Organizers put so much emphasis on school structure and small details of the reorganization that the caliber of teaching became secondary.

At Liberty, for example, Principal Gregg O’Mara says E3 kept pressing him to make the small schools more independent from one another. Partly for that reason, the school reorganized twice in the past four years. Starting this fall, he says, Liberty will focus on getting every teacher to collaborate with colleagues on better teaching and student outcomes.

Leadership also has been a problem. Top-notch schools typically require top-notch principals. But school districts cannot afford to pay multiple principals at one high school the same high salary as they pay the principal of a big high school.

As a result, many small high schools are run by lower-paid, less-experienced administrators. That has led to high turnover, and at some schools, confusion among teachers and students about who is in charge.

In addition, E3 has not been clear about the results it wants from small schools. There are no performance targets or timelines for schools, and the group has not defined what makes a student “college ready.”

E3 leaders admit they were naive about how easy change would be. They learned the hard way that they can’t overhaul schools without more backing from superintendents and district administrators. They also are providing more teacher training, particularly in reading and math.
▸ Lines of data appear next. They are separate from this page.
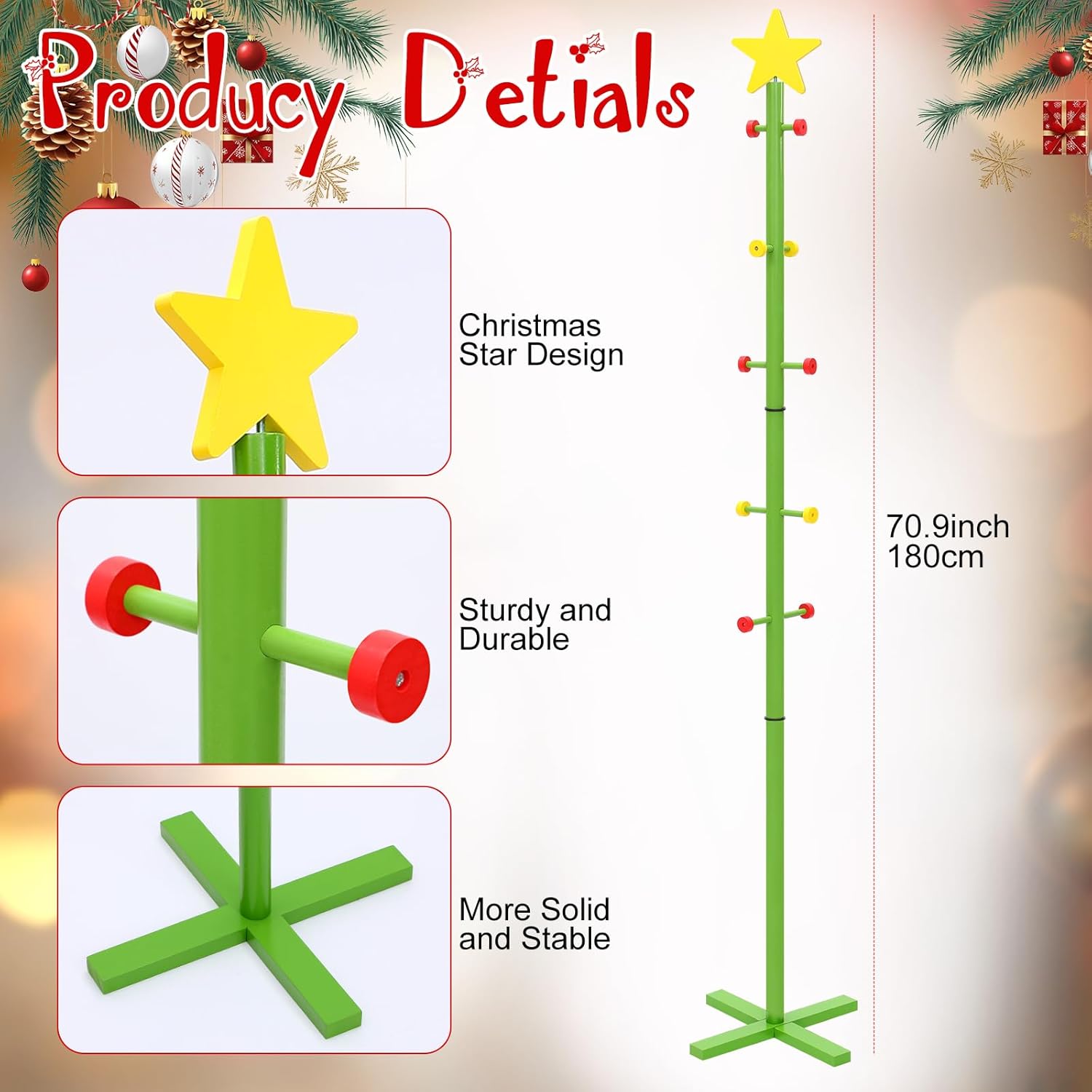 Features: Versatile use: Multiple hanging rods are distributed on the pole, adding a sense of layering and fun to this Christmas decoration. Additionally, you can place it in the entryway to organize guests' scarves, hats, coats, shoes, and more. As a standing coat rack, it is also a good choice. Easy storage: Our Christmas supplies comes with installation instructions. An intuitive, straightforward design allows you to assemble this set in minutes. Specifications: Material: wood Color: multicolour Size: (about) 70.9 inch / 180 cm Package includes: 1 x Christmas wooden stocking holder Notes: Manual measurement, please allow slight errors on size. Due to the screen display, the color of the item may differ slightly from the picture
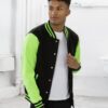 Soft cotton faced fabric. Taped neck with hanging loop. Knitted collar, cuffs and hem with stripe detail. Contrast electric coloured sleeves. Press stud closure with contrast electric coloured studs. Two contrast welt pockets. Small opening in pocket for ear phone cord feed. Hidden ear phone loops. Tear out label. WRAP Certified Production.
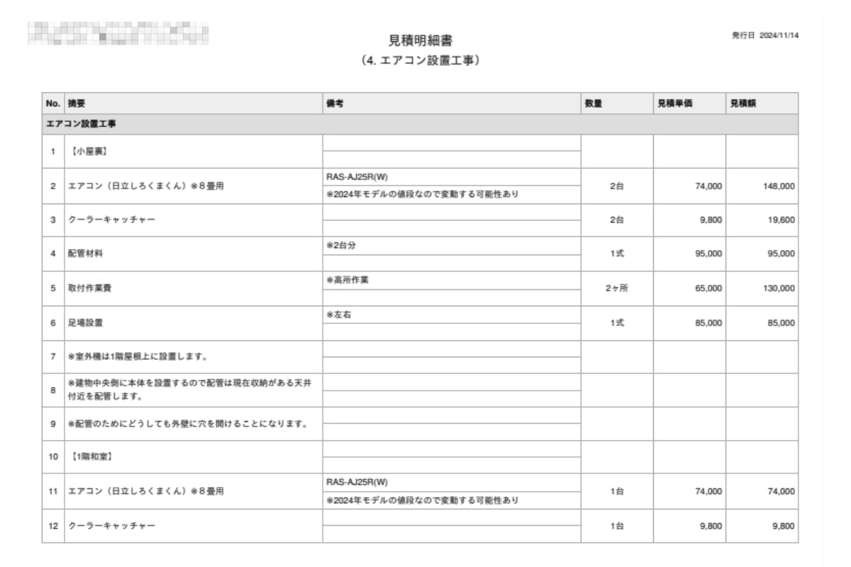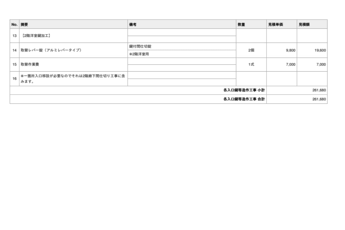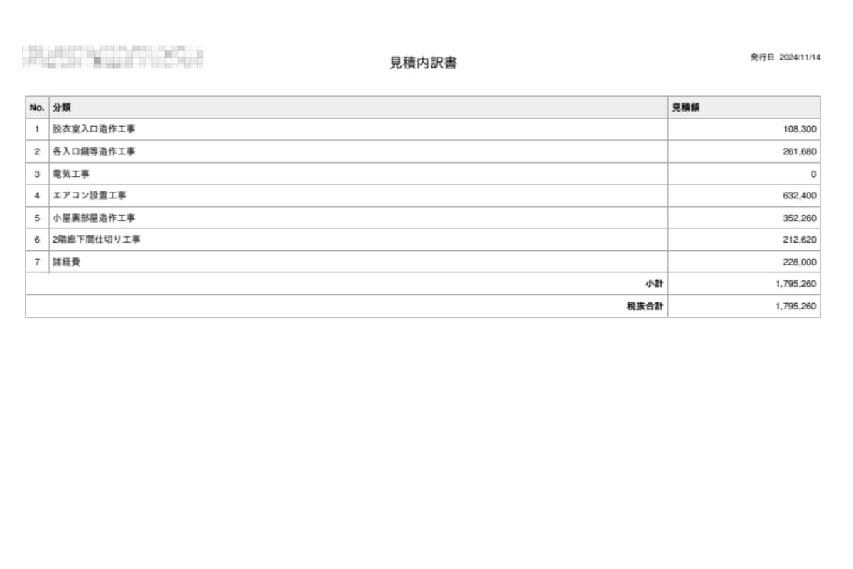 このリフォームを進めるにあたって必要な費用が以下の見積りです。
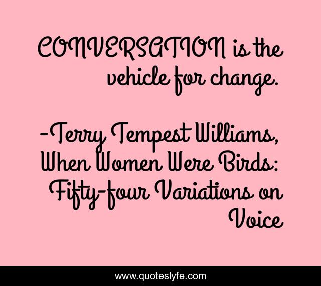 "Terry Tempest Williams, When Women Were Birds: Fifty-four Variations on Voice Quotes." Quoteslyfe.com, 2025. Fri. 05 Dec. 2025. <https://www.quoteslyfe.com/quote/CONVERSATION-is-the-vehicle-for-change-258110>.

Despite disappointing results, small-school champions maintain that the strategy will pay off.

Portland Superintendent Carole Smith points to test score improvements at some of the academies as evidence that many students are thriving in a more intimate setting.

“We definitely need different environments to meet the needs of different kids,” she says.
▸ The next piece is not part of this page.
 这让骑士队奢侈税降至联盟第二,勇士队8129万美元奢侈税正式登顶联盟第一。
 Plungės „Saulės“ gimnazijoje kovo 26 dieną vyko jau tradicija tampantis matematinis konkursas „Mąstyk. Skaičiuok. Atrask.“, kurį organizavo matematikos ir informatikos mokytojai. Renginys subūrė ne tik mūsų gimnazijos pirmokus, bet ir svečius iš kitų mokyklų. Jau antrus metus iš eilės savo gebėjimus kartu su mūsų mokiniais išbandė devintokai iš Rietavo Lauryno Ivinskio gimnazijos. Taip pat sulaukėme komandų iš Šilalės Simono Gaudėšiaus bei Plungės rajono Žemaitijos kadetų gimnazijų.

Tamara Snook, this year’s valedictorian at Marshall’s Renaissance Arts Academy, has attended big high schools here and elsewhere. She transferred to Renaissance as a freshman and recalls how teachers told her mother about her hard work. An art teacher introduced her to other smart kids. Senior year, Snook took college math at Portland Community College.

“I felt that all these people care. They actually want to get to know you,” she says.

At Liberty, results are on an upward trajectory. After the school created a freshman academy last fall, the percentage of freshmen passing all core classes increased to 76 percent this year, from 63 percent last year. More seniors graduated with good grades and college-prep courses this year than ever before.

Gloria Miranda graduated Saturday from Liberty’s human-services academy. Its focus enabled her to spend two periods a day working at the school’s day-care center and researching child development, which she says kept her on track for college and a teaching career. But senior year, she ended her school day about noon to work at Baskin-Robbins. She’s unsure how well she’ll compete at Portland State this fall.

Some small schools are changing their approach based on what’s worked and what hasn’t.

When Ed Bear took over as principal of Marshall’s BizTech last fall, he required freshmen to take 90 minutes of math and language arts every day. He’ll up the ante to require 90 minutes of language arts for sophomores starting in the fall.

“We’re in a place to be successful, but a lot of work needs to get done,” he says.

Change can’t come soon enough for Russell Lewis, 18, who dropped out of BizTech in his junior year and works at McDonald’s. He’s studying to get his GED.

He admits that he didn’t do his homework at Marshall but wishes that teachers had pressured him more before he started failing classes.

“My little brother’s in seventh grade, and I don’t want him to have to go through what I did,” Lewis says. “I hope that it’ll get better.”